Tool coverage and integration
The Fuse EDA AI Agent, according to Siemens, covers key tools in its own EDA portfolio: Catapult, Questa One Agentic Toolkit, Aprisa, Solido, Veloce, and Calibre, as well as Xpedition and Hyperlynx for PCB workflows. Additionally, it supports Tessent for design-for-test and Calibre OPC for manufacturing preparation. Crucial for users with established tool landscapes: the agent is designed to integrate with third-party tools, custom workflows, and customer-specific models via the MCP architecture and an open framework. With this, Siemens is targeting not only individual toolchains but also heterogeneous EDA environments.
Why Generic AI isn't enough for EDA
Semiconductor and PCB development is not an environment where a general AI agent can simply be applied to existing tools. The processes are physics-driven, the data formats are specialized, the data volumes are vast, and the IP is highly sensitive. Generic agents quickly reach their limits here. They do not understand the significance of many EDA workflows, cannot reliably configure tools, and may lose context or draw incorrect conclusions when dealing with lengthy toolchains.
Gupta mentions in the interview five hurdles that Siemens had to address in the development of Fuse EDA AI Agent:
First, chip design is based on physical methods and empirical knowledge, which are hardly reflected in public training data. Therefore, a generic AI agent does not automatically know how to configure an EDA tool or meaningfully sequence a workflow.
Second, EDA workloads often run on secure local clusters with older schedulers and massive datasets, not in generic cloud frameworks. An agent must therefore integrate into existing HPC and enterprise infrastructures instead of assuming an idealized AI cloud environment.
Third, the size of modern toolchains can overwhelm standard models. The more tools, parameters, intermediate results, and dependencies a model must consider simultaneously, the greater the risk that the context is no longer processed cleanly or incorrect conclusions are drawn.
Fourth, many EDA data are in complex, partly binary formats such as waveforms, netlists, LEF/DEF, or GDSII. For AI to extract usable information from them, it requires specialized parsers and clean data preparation.
Fifth, sensitive IP requires robust security mechanisms. Role-based access, isolated execution environments, audit trails, and approval points by humans are therefore not accessories but prerequisites for productive agentive AI in EDA.

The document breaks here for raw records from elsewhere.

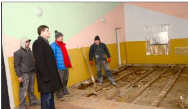
Stara drewniana podłoga na świetlicy wiejskiej w Przyłęgowie zostanie w końcu wymieniona.

wiele planów dotyczących wykorzystania świetlicy wiejskiej, dlatego przychodzimy, doglądamy remontu i czekamy na szybkie zakończenie inwestycji. Budynek był już w złym stanie technicznym, przeciekał dach, a ogrzewanie elektryczne nie spełniało w ogóle swojej roli. Wspólnie w mieszkańcami naszej wsi wyremontowaliśmy kuchnię, choć prace w tym pomieszczeniu trzeba jeszcze dokończyć. Teraz czekamy na zakończenie kolejnego etapu remontu świetlicy - mówi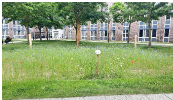
Blühfläche am Amtsbrink

Viele Insektenarten finden heute immer weniger geeignete Lebensräume. Blühflächen schaffen genau diese Rückzugsorte. Sie liefern vom Frühjahr bis in den Herbst hinein Nektar und Pollen und helfen so dabei, die biologische Vielfalt vor Ort zu erhalten. Von den Insekten profitieren wiederum viele andere Tiere, wie Vögel und Kleinsäuger. Zudem sind die Flächen nicht nur ökologisch wertvoll, sondern bereichern auch das Stadtbild. Die wechselnden Farben und Blüten schaffen attraktive Blickpunkte und somit eine schöne Atmosphäre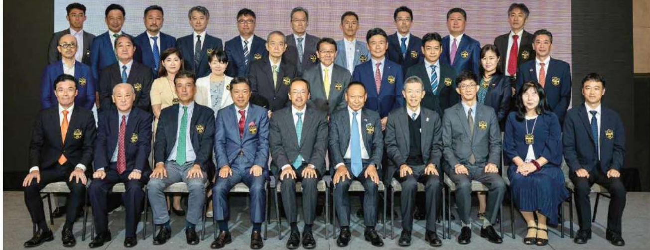
ご出席いただいた大鷹大使、理事・監事・オブザーバーの方々

を事務局主催のイベント日として、別館にて開催できるように設定いたしました。会議室の利用について、皆様にもご協力いただきありがとうございます。現在、フットネス、タイ語などを実施しておりますが、皆様からのご要望を取り入れ、タイ文化を学べる講座や、英会話レッスンなども企画していきます。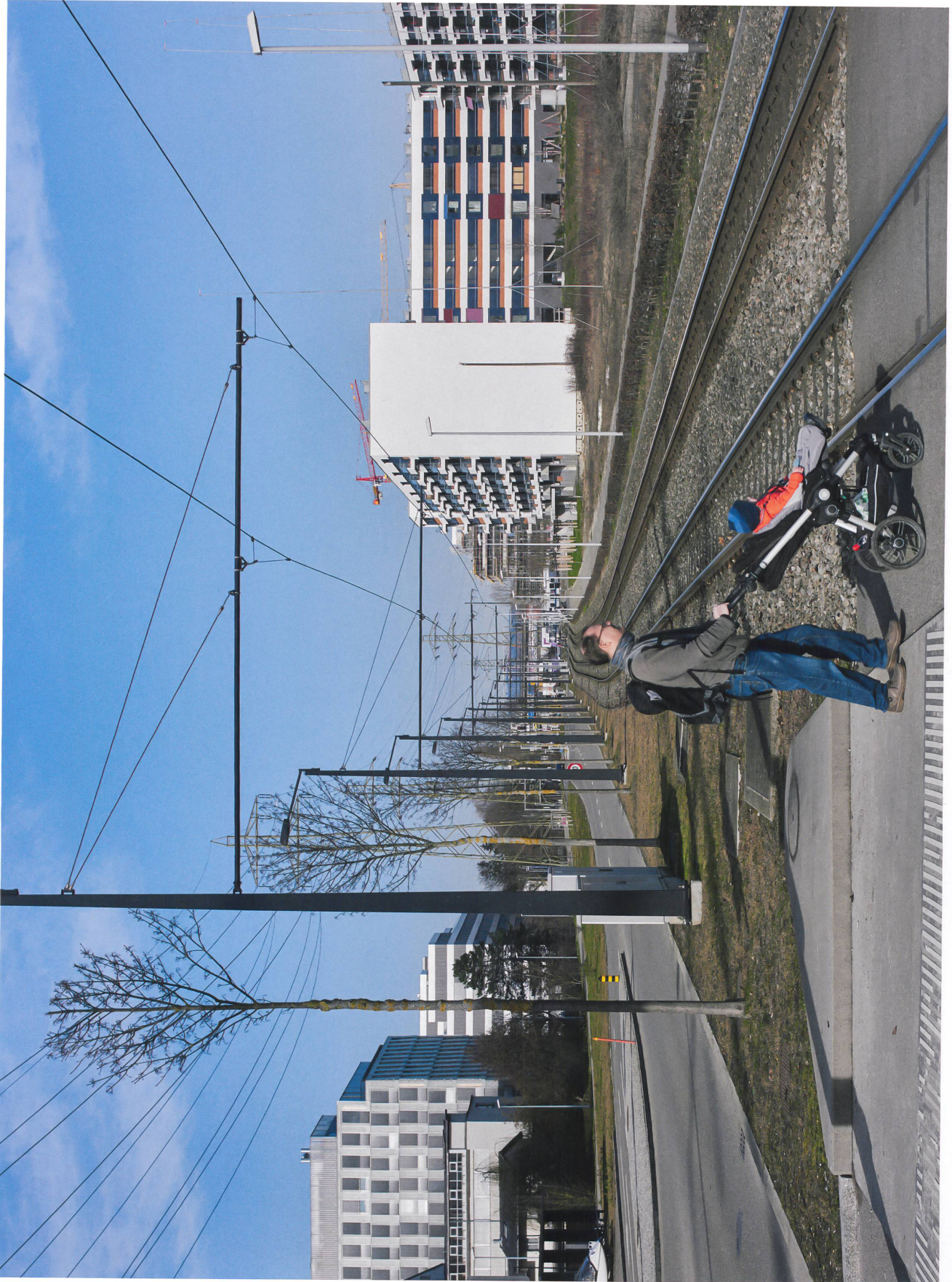
Schwierige Querung: Stadtgrenze entlang der Glattparkstrasse, Stadtbahntrasse, Strasse und seitliche Grünstreifen trennen den Glatt-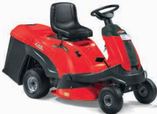
XF 140 HD [2T0220273/13]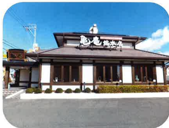
国道 152 号線沿いにある「亀庵総本店有玉店」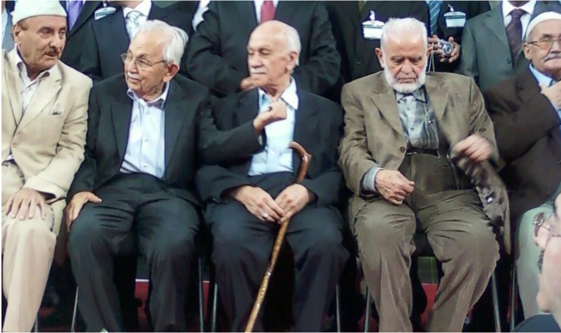
Nur hizmet kervanının çilekeş hadimlerinden

Sene 1958. Tanıştığımız arkadaşlardan birisi beni ısrarla tarikatına almaya çalışıyordu. Ben ne kadar izah etsem de olmadı. Malum Üstad Hazretleri "Mürşide karşı ifrat muhabbet caizdir" diyor. O kardeşimiz bana "Sen istihareye yat" dedi. Ben istihareye yatınca mürşidi beni çekecek yani, böyle inanıyor. "Mürşidimiz Kur'an'dır" desem de onun hatırını kırmamak için istihareye yattım. Kur'anı Kerim açıldı. Şahıs görmüyorum. Bana sure-i Mümin'den bir ayet gösterildi. Oku burayı denildi. Okudum: "Artık benim size ne dediğimi yakında anlayacaksınız ve ben işimi Allah'a ismarlıyorum. Şüphe yok ki O, kullarını görücüdür. Mümin 44", meali böyle. Birden uyandım. Heyecanla geldim arkadaşşa. Böyle böyle diye anlattım. "Ben rüyayı tabir edemem efendi hazretlerine götüreyim" dedi. İstanbul'a gidip soracak. Bir gün sonraki gecede yine bir rüya gördüm. Sure-i Bakara'dan bir ayet: "Artık her kim bunu işitip bildikten sonra tebdil ederse şüphe yok ki bunun günahı o tebdil edenlerin üzerinedir. Bakara181" mealinde. Artık tabire filan lüzum kalmamıştı.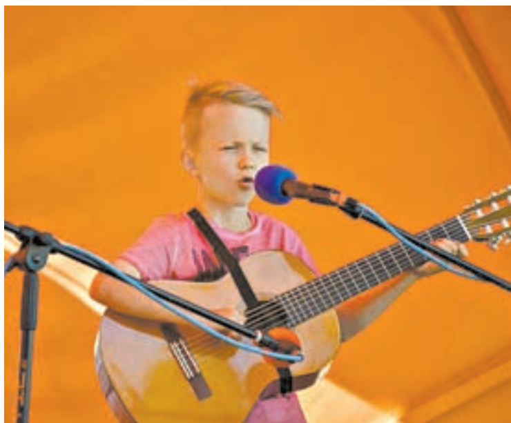
Участники мастер-класса игры на гитаре...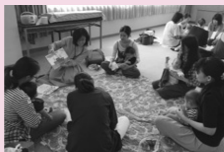
主任児童委員による絵本の読み聞かせ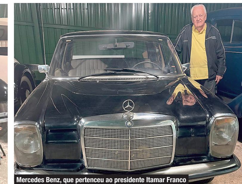
Mercedes Benz, que pertenceu ao presidente Itamar Franco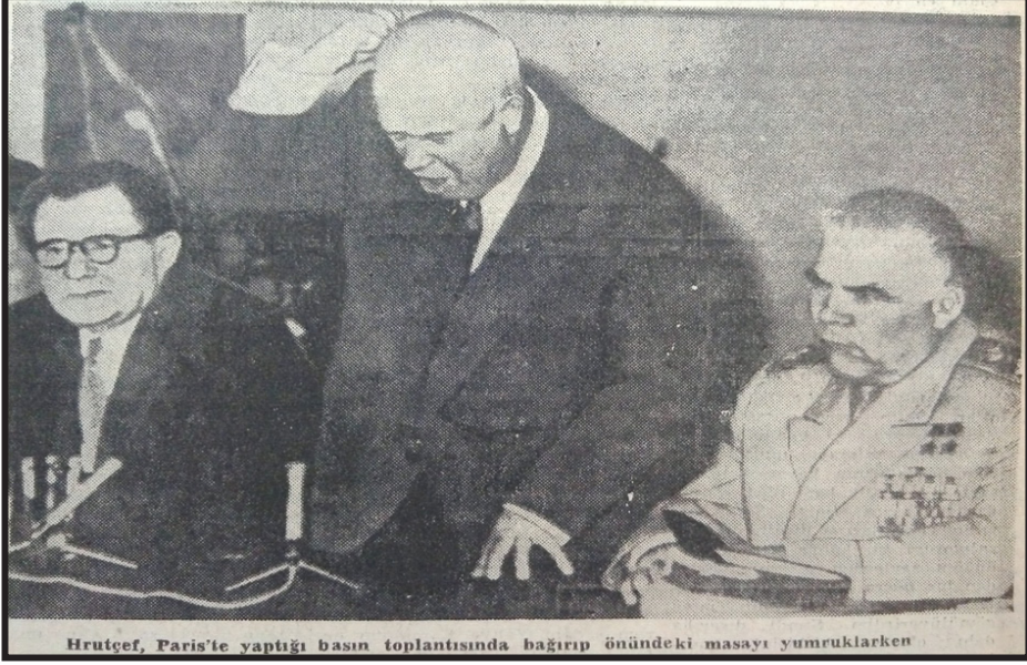
Resim 6: Hürriyet, 18.5.1960, s.1.

Kruşçev, Paris'te yaptığı basın toplantısında bağırip önündeki masayı yumruklarken.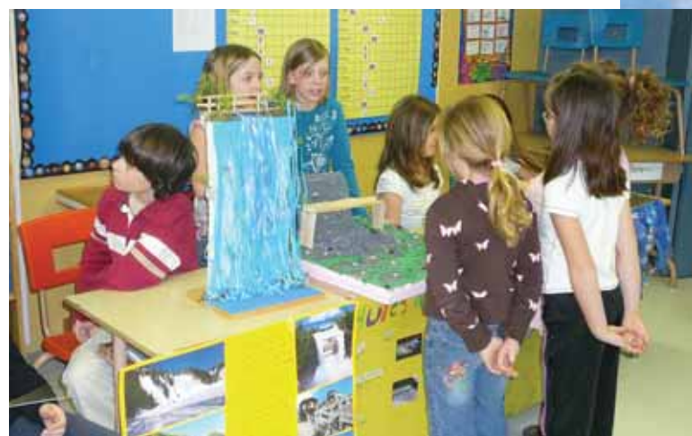
Une exposition « Les merveilles du monde » qui a permis aux élèves de 4 e année de travailler à un projet en collaboration avec des élèves de 6 e année de l'Odysée.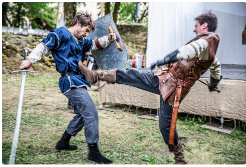
Attaque, parade et suite (Lames sur Seine en 2019)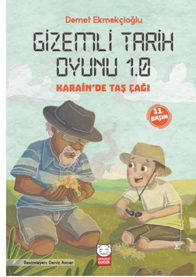
Görsel 1. Yazar Demet Ekmekçioğlu ve Gizemli Tarih oyunu serisinden Karain'de Taş Çağı adlı kitabı, Kırmızı Kedi Yayınevi, 2019.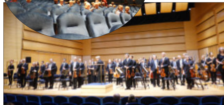
Över 80 musiker sitter i Norrköpings symfoniorkester, en sal som utformats av Bo Karlberg som också var arkitekt för Gävle Konserthus.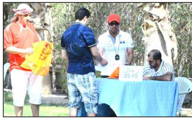
● تسجيل اسماء المشاركين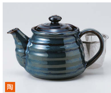
陶 343-401-523 3,000円 ナマコポット (10.5×11・420cc)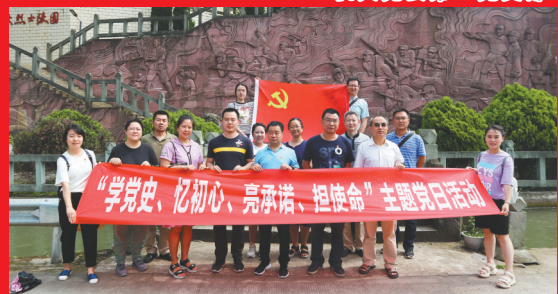
西南公司第一、第二党支部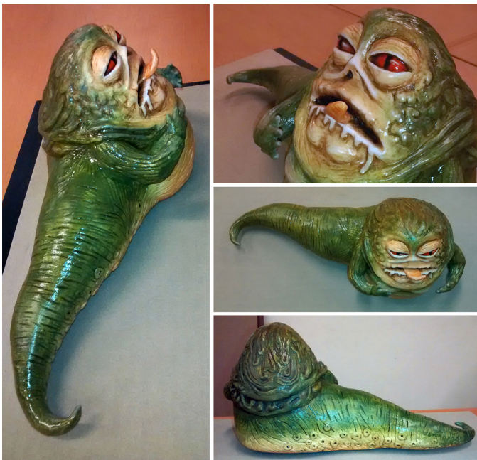
POR: CARLOS RODRÍGUEZ

Siempre apreciar dónde se puede aprovechar la ilustración, en qué plataforma, qué medios, ahorita ya se ha diversificado mucho hay muchas posibilidades de aplicarla y tienen que aprovecharlo; siempre tienen que saber canalizar su creatividad, yo por ejemplo lo hago por diferentes medios y no solo en el diseño, también siempre tienen que ser constantes y creer en en si mismo, tienen que tener humildad, ser sencillos, ser observadores, conocer lo más que se pueda de todos los aspectos de la vida, de todo el entorno, social, cultural, eso cuenta mucho para la producción.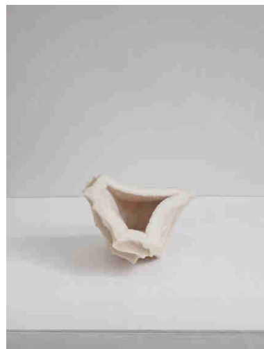
Creux , 2015 Calcaire, 8 x 7 x 5 cm © Arnaud Vasseux

Depuis 2007, le Site archéologique Lattara - musée Henri Prades, Montpellier Méditerranée Métropole soutient et expose la création contemporaine dans une volonté d'ouverture et de transversalité artistique et culturelle. À l'occasion de cette dixième exposition, le musée a invité Arnaud Vasseux à poser son regard singulier sur les objets archéologiques. Dans les espaces mêmes du musée, il fait dialoguer des objets de la collection avec un ensemble d'interventions et de sculptures, principalement réalisées pour l'occasion, in situ . Du double au singulier mêlera ainsi le plâtre et le verre aux matériaux et aux œuvres antiques.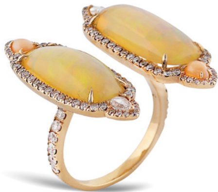
156 ANELLO IN ORO ROSA 18KT CON DUE OPALI ARLECCHINO anni 50/60 taglio cabochon rettangolare contornati da diamanti taglio huit-huit, due diamanti taglio briolet ct 1 circa e due piccoli coralli rosa a goccia, misura regolabile peso 8 gr. € 800/1.200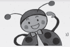
てんとうむし体操イメージキャラクター てんてんちゃん

「てんとうむし(転倒無視)体操」は、転びにくい身体づくりのために考案された、習志野市オリジナルの音楽付きの体操です。市民ボランティアの転倒予防体操推進員を中心に、身近な地域で広めています。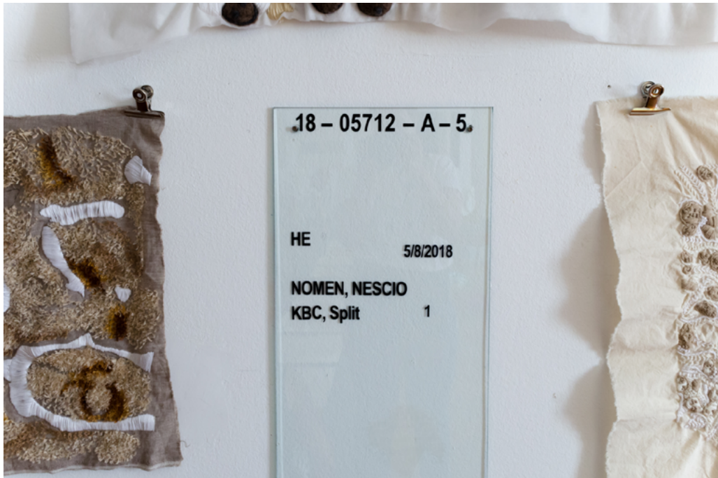
Arhiva patoloških stakalca (detalj), 2018., staklo, 90 cm x 30 cm, uvećano histološko stakalce s osnovnim podacima pacijenta, Stara gradska vijećnica, Split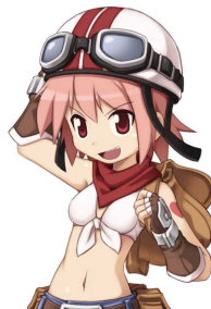
ゲーム内アイテム 「スクーターヘルメット」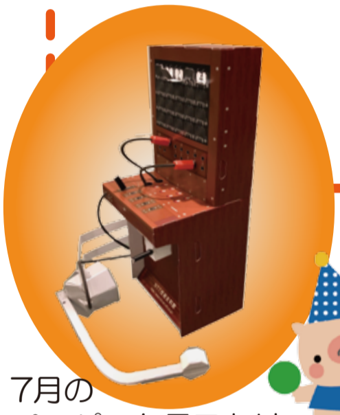
7月の ペーパークラフトは ヘッドホン付きの 手動交換機!

ワークブックを片手に館内を探さくしよう! ミッションコンプリートでプレゼントをゲット! 電信電話の歴史や電話のつながる 仕組みのなぞにせまれ!!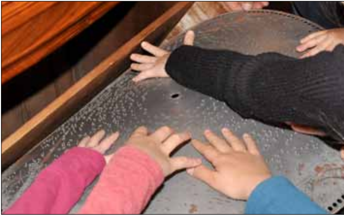
Klangerlebnis der 1. Klasse (s. Seite 3)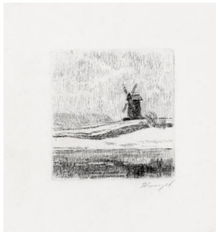
ОФОРТЫ-МИНИАТЮРЫ В. М. ЗВОНЦОВА ИЗ СОБРАНИЯ ПУШКИНСКОГО ЗАПОВЕДНИКА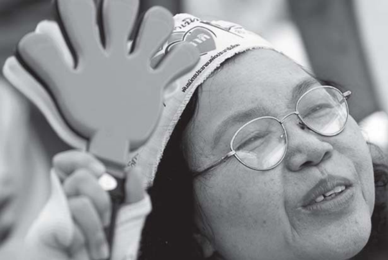
ဖျာ,သိုင်းလှိုင် (PAD) တူင်းတိုင်း,လှိုင်း,ရှိုင်း, စခန်းကိန်းရှိုင်းသားစတီးလှိုင်ပွင်လှိုင်;

ဝခမ်းထိ 7 ကွန်းထုင်းပိုင်းပူဆွဲများ ကိင် ဆိုင်ပလိန်းထံးရှမ်းတပ်စတီးစွင်လှိုင်းသိုင်းလှိုင် ကခင်းရှိုင်းတုဒ် ဖြန့်,အခမ်းထိမိတ် (ရှမ်းတုမ်ကူလှိုင်း လိဂူဆေးမိုင်း ပိုင်းတုဒ်တီးစွန်းစရေးသီးPAD) သေ ပွဲ,ကိတ်သိဆွဲတုဒ် ထိုင်းရှိုင်းမာ်,တိန်း,သို့, စလေး လံးလှိုင်းတံာ် 2 ဂေး။ မာတ်,လိမ်းဆင်ရှုပ် ပာ်,- ကပ်ပီဆိစာပ်,ယို,လှိုင်းလင်လှိုင်းဖျာ။ လင်းဆင်းရှေးစမ်း လံးဂွန်းစမ်းရှိုင်းပင်လှိုင်း ဝခမ်းသုင်,ပူဆွဲစာပ်,တူပ် ဆင်းယိုင်းဂေးလံး ထုင်းမာ်,တိန်း,ပလိန်းတိုင်းသေ တူန်းသုမ်းဆွဲ ပင်တူင်းတိုင်း,ဆခင်း လှိုင်းဂွမ်း,။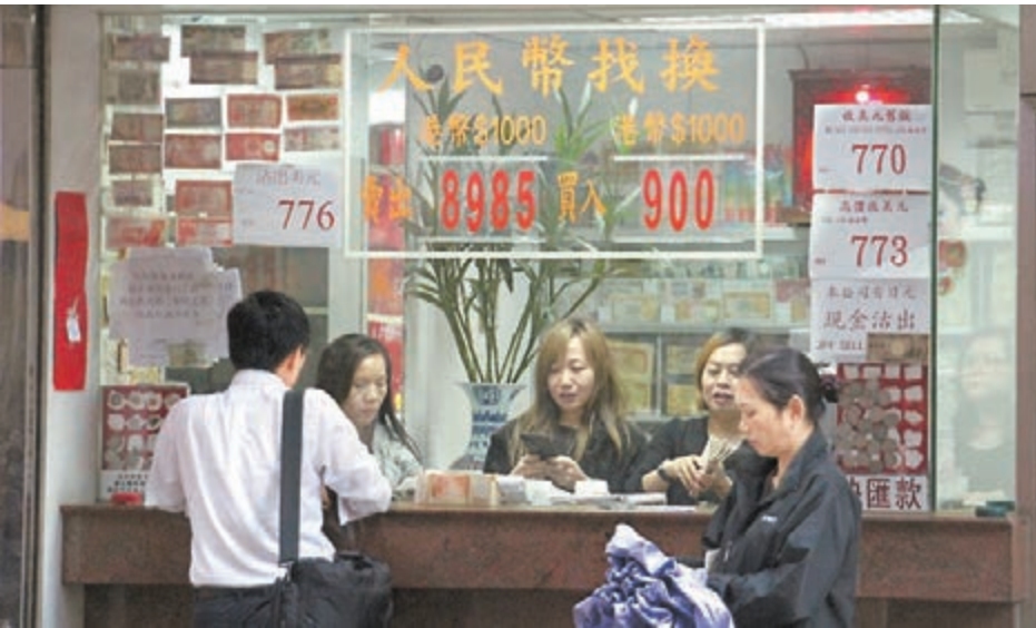
■儘管人民幣兌美元中間價終結束12連跌，但在香港兌換店，港元兌換人民幣則愈換愈多，昨已直叩9算。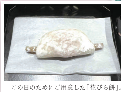
この日のためにご用意した「花びら餅」。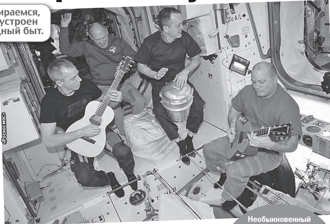
Необыкновенный концерт: на орбите выступают (слева направо) Дрю Фьюстел, Олег Артемьев, Рики Арнольд и Скотт Тингл.

Представьте - вы решили перекусить печенькой. Печенье хрустит, от него отделяется множество крошек. На Земле это не было бы проблемой - подмет - и порядок. А вот в космосе крошки могут попасть в дыхательные пути, в приборы, замкнуть какое-то реле или забиться в воздухопровод. Мелкие частицы на кораблях и станциях - большая беда. И все, что может их породить, находится под строжайшим запретом.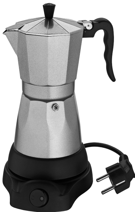
elektrischer Espressokocher »Classico« Bedienungs- und Pflegeanleitung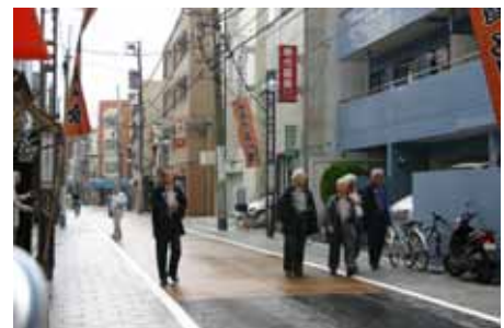
旧東海道の街並み

旧東海道を中心に、寺社等の歴史的な景観資源が多く分布する当ゾーンでは、景観計画に基づく重点地区の指定や街並み誘導型地区計画の活用により、継承された歴史ある街の風情や伝統を活かした旧東海道沿道にふさわしい街並み景観の形成と、商店街や住宅を中心とした魅力とにぎわいのある複合市街地の形成をめざす。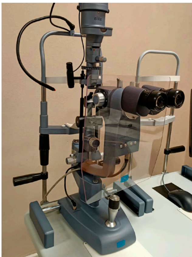
Figura 3. Protezione con plexiglass tra operatore ed esaminatore.

Queste protezioni aggiuntive, come ad esempio plexiglass o similari di parafiato trasparenti per le lampade a fessura, consentono di avere un'ulteriore barriera protettiva dalle droplets tra l'esaminatore e l'operatore (fig. 3).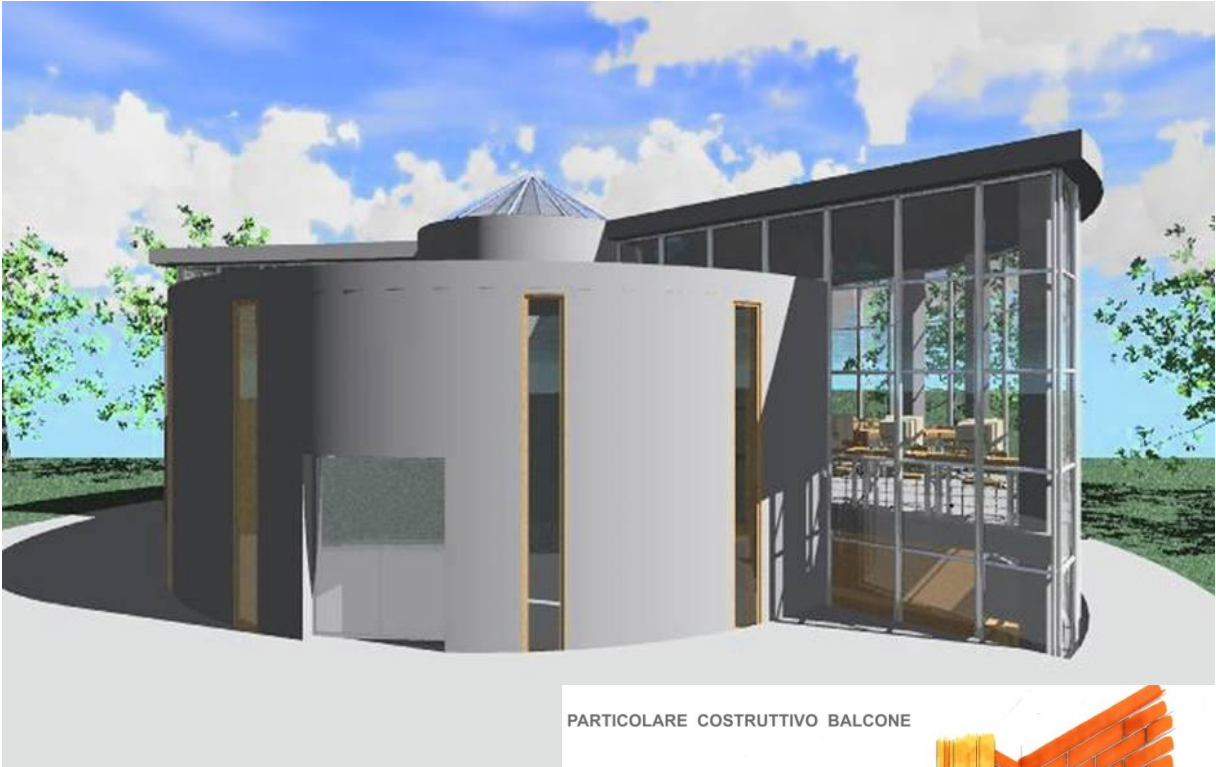
PARTICOLARE COSTRUTTIVO BALCONE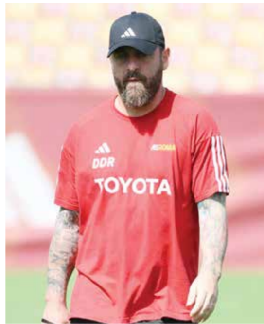
○ دي روسي.

وأبلغ المدرب الأسترالي الصحفيين: «تيمو (فيرنر) يعاني من إصابة في عضلات الفخذ الخلفية. أمامه أسبوعان ونصف فقط حتى يعود، لذلك سيغيب عما تبقى من الموسم». وقال: «تعرض بن

Siemens therefore positions Fuse not as a general AI assistant, but as a domain-specific architecture with an EDA data lake, specialized parsers, RAG framework, role-based access controls, audit trails, and human-in-the-loop control points. The security aspect is particularly important for the target group. Chip designs and PCB systems contain highly sensitive IP. An agent-based system that autonomously invokes tools and processes data must not only be powerful but also remain controllable.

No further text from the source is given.